Linus Torvalds <torvalds@xxxxxxxxxxxxxxxxxxxx> · Sat, 27 Jan 2007 12:13:08 -0800 (PST)

On Sat, 27 Jan 2007, Jakub Narebski wrote:
> 
> By the way, in git-blame you can also give the cutoff like in git-log;
> the lines which come from outside given revision range either get blamed
> on boundary, or are shown "unblamed".

Well, that's not actually all that useful. It's ok when nothing else 
works, but it would be nicer if it just acted well "by default".

Because You generally don't know a priori where your point of interest 
lies.

This is why "git log -p" (or "git whatchanged" before it) is so nice. A 
streaming format means that you get the stuff you likely care about soon, 
but if you aren't quite sure about where it was, it will come _eventually_ 
as you page down. And you can decide at any point in the middle that "ok, 
the thing I was looking for is obviously ancient", which may end up 
changing your whole outlook on a problem.

Which is why I think "incremental" things are so important.
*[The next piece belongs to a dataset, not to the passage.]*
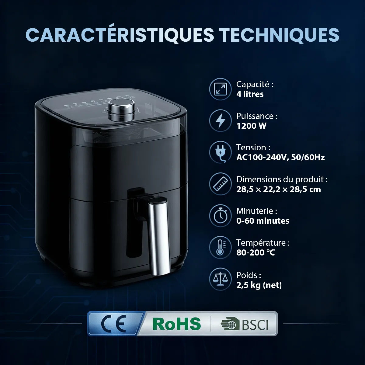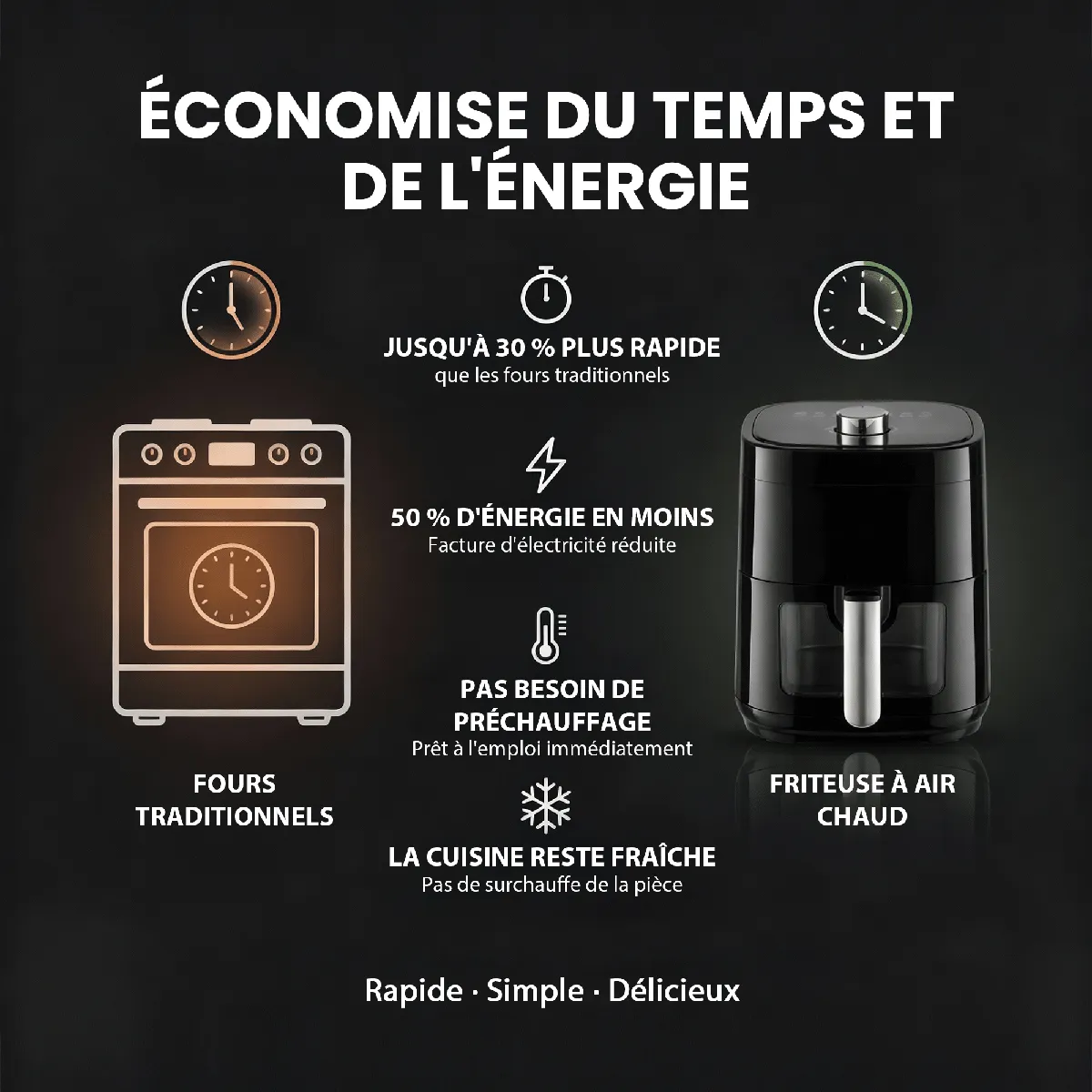 Fini les fritures grasses et caloriques ! Cette friteuse utilise uniquement de l'air chaud circulant à 360° pour cuisiner, réduisant drastiquement la consommation d'huile, pour des plats plus sains, sans compromis sur le goût. Parfaite pour une alimentation équilibrée, pour les enfants et les adultes.

In Sydney at Linux.conf.au I talked a bit to Paul Mackerras about gitk, 
and gitk is _fairly_ good at doing things incrementally (and apparently it 
is internally better at it than I have realized), but by default it still 
passes "--topo-order" to git-rev-list.

Which turns git-rev-list totally non-incremental, and makes gitk horrible 
to start up with default arguments (ie none) on a huge repository. If it 
takes 1 minute to walk the whole history, then gitk will take a minute 
before it shows the first commit.

Paulus was saying that it should be easily fixable, and that gitk 
*already* internally has a reorder buffer for commits out of topological 
order (for the "--date-order" thing, aka "gitk -d"), so gitk too should be 
able to stream perfectly well.

And once you can stream, who cares how big the history is? The part that 
is old will take a long time, but people won't even see it, because 
they'll be busy looking at the new parts that they saw immediately.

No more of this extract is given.